Patriacca v. Frost

98 S.W.3d 303, 2003 Tex. App. LEXIS 483, 2003 WL 139719
CourtCourt of Appeals of Texas
DecidedJanuary 9, 2003
Docket01-02-00430-CV
StatusPublished
Cited by43 cases

This text of 98 S.W.3d 303 (Patriacca v. Frost) is published on Counsel Stack Legal Research, covering Court of Appeals of Texas primary law. Counsel Stack provides free access to over 12 million legal documents including statutes, case law, regulations, and constitutions.

Bluebook
Patriacca v. Frost, 98 S.W.3d 303, 2003 Tex. App. LEXIS 483, 2003 WL 139719 (Tex. Ct. App. 2003).

Opinion

OPINION

EVELYN V. KEYES, Justice.

This is an appeal of a no-evidenee summary judgment rendered for Dr. Scot Frost, defendant/appellee, against Heather Patriacca, plaintiff/appellant. In four issues presented for review, Patriacca challenges the rendition of summary judgment and the trial court’s denial of her motion for new trial. We affirm.

Factual & Procedural Background

Frost was Patriacca’s treating orthopedic physician for most of Patriacca’s life. In April 1998, Patriacca consulted Frost regarding a knee injury. After many months of conservative treatment, Frost operated on Patriacca in December 1999 to reconstruct a torn ligament in her left knee. One risk of such surgery is that the patella tendon is weakened and may rupture if a patient falls or reinjures the knee.
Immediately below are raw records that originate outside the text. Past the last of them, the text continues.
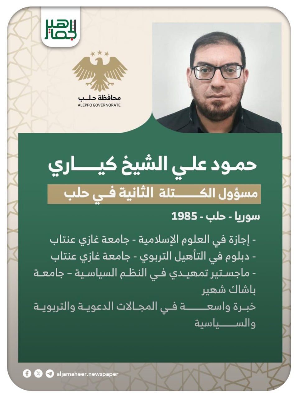 محافظ حلب يعيّن حمود علي الشيخ كياري مسؤولاً عن الكتلة الثانية في مدينة حلب. أحدث الأخبارخدمي On أكتوبر 17, 2025 Share Share FacebookTwitterGoogle+ReddItWhatsAppPinterestالبريد الإلكتروني
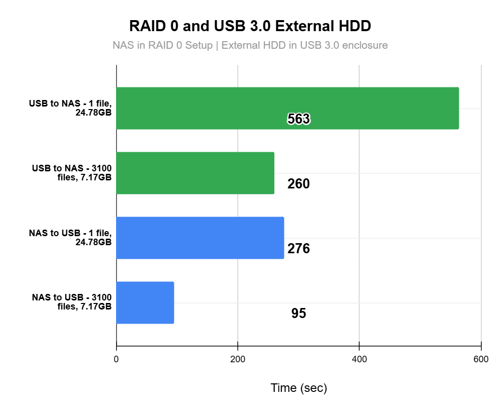Setting up the NAS in a RAID 0 configuration didn’t significantly affect performance in the USB setup, supporting the earlier observation that the USB device is the bottleneck in this scenario.
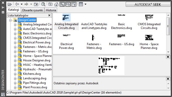 Wyświetla pliki i foldery na komputerze i dyskach sieciowych, listę otwartych rysunków i historię ostatnich lokalizacji, które odwiedzono. Wybierz pozycję w widoku drzewa, aby wyświetlić jego zawartości w obszarze zasobów.
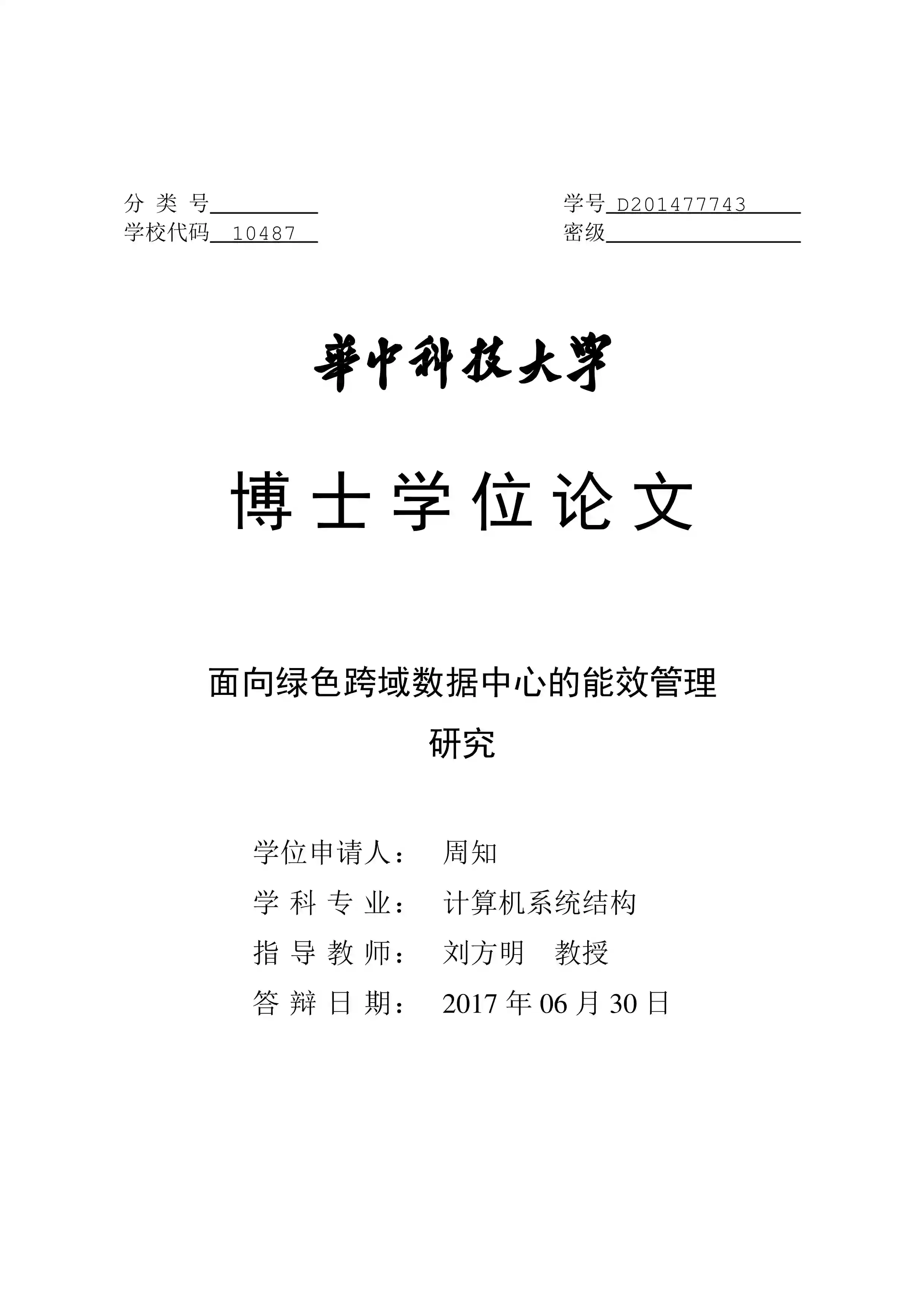 关键词: 云计算 跨域数据中心 能效 碳排放 可再生能源
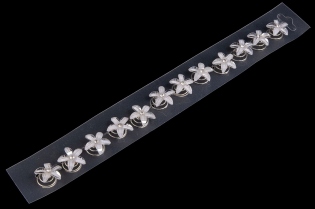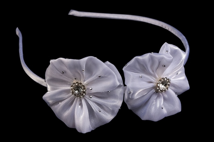 Opaska pokryta materiałem, ozdobiona materiałową kwiatkami i szlifowanymi kamieniami.
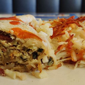 Breakfast burrito had 3 eggs and you choose the meat, veggies and cheese. My selection was bacon, spinich, green chili and pepper jack cheese. Burrito had a large portion of hash brown. Had this for two meals.
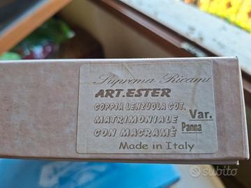 Vendo completo lenzuola matrimoniale nuovo in confezione integra,fa parte di corredo matrimoniale, con MACRARE. composto da lenzuola sotto e lenzuolo sopra più 2 federe. colore panna.
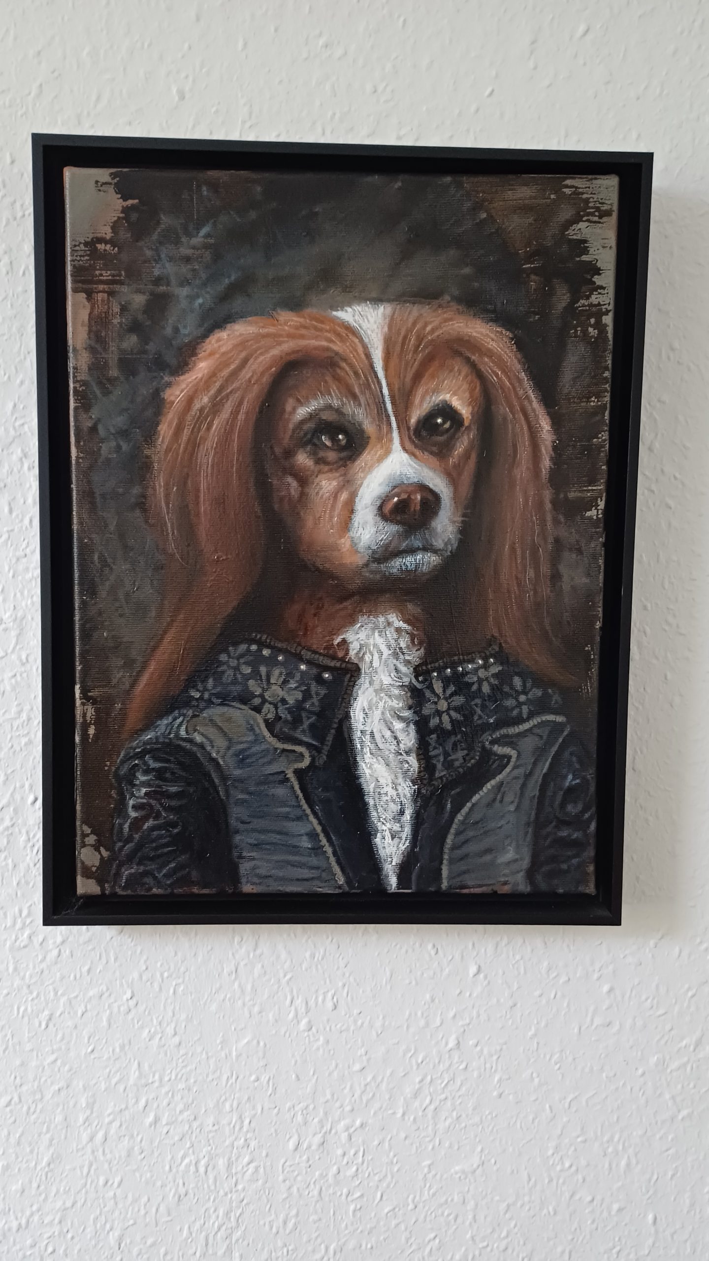 Dog painted in portrait like a historic costume, 50cm * 70cm, oil on canvas. Not for sale (it is my dog)
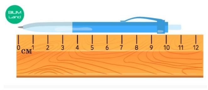 Суретті талдап, дұрыс жауапты таңда. Сызғышпен қаламсап ұзындығы өлшенді (суретке қара). Нәтиже қалай жазылуы керек?

The day following the surgery, Patriacca fell on her left knee twice, once at home and once at the doctor’s office. Dr. Frost examined her but did not order an X-ray or MRI. 1 During January 2000, Frost examined Patriacca seven more times. In March 2000, Patriacca consulted Dr. Joseph Milne, a Fort Worth orthopedist, complaining again of pain in the left knee. Milne determined Patriacca had ruptured her patella tendon and performed a second surgery to correct this in April 2000.

On December 20, 2000, Patriacca sued Frost for medical malpractice, alleging that Frost was negligent and grossly negligent in treating her condition; she sought actual and special damages.

A plaintiff in a medical malpractice suit must either (1) file a $5,000 cost bond or place $5,000 cash in an escrow account for each defendant named in the suit, or (2) furnish to opposing counsel, within 180 days from the date suit is filed, a medical expert’s report in regard to each named defendant. Tex.Rev.Civ. Stat. Ann. art. 4590i, § 13.01(a) (Vernon Supp.2002). The report must identify the plaintiffs experts, provide a curriculum vitae for each, and contain a fair summary of the manner in which the medical care rendered failed to meet the applicable standard of care and the causal relationship between the failure and plaintiffs injury. Id. at § 13.01(r)(6); Latham v. Castillo, 972 S.W.2d 66, 73 (Tex.1998). An initial expert report prepared to satisfy the requirements of article 4590i, however, is not admissible evidence and cannot be used in a deposition, trial, or other proceeding. Tex.Rev.Civ. Stat. Ann. art. 4590i, § 13.01(k); Trusty v. Strayhorn, 87 S.W.3d 756, 761-62 (Tex.App.-Texarkana 2002, no pet.). Instead of being able to use the initial report, a plaintiff must designate qualified expert witnesses *305 to testify as to whether the defendant physician departed from accepted standards of medical care. Tbx.Rev.Civ. Stat. Ann. art. 4590i, § 14.01 (Vernon Supp.2002). Although Patriacca’s 4590i report is not part of the record before us, the parties acknowledge that Patriacca timely submitted an initial expert report from Dr. Andrew Levine. It is the list of designated experts and an affidavit from Dr. Levine that were not timely filed. The list was sent to Frost’s former counsel; Levine’s affidavit was not submitted until Patriacca filed a motion for new trial.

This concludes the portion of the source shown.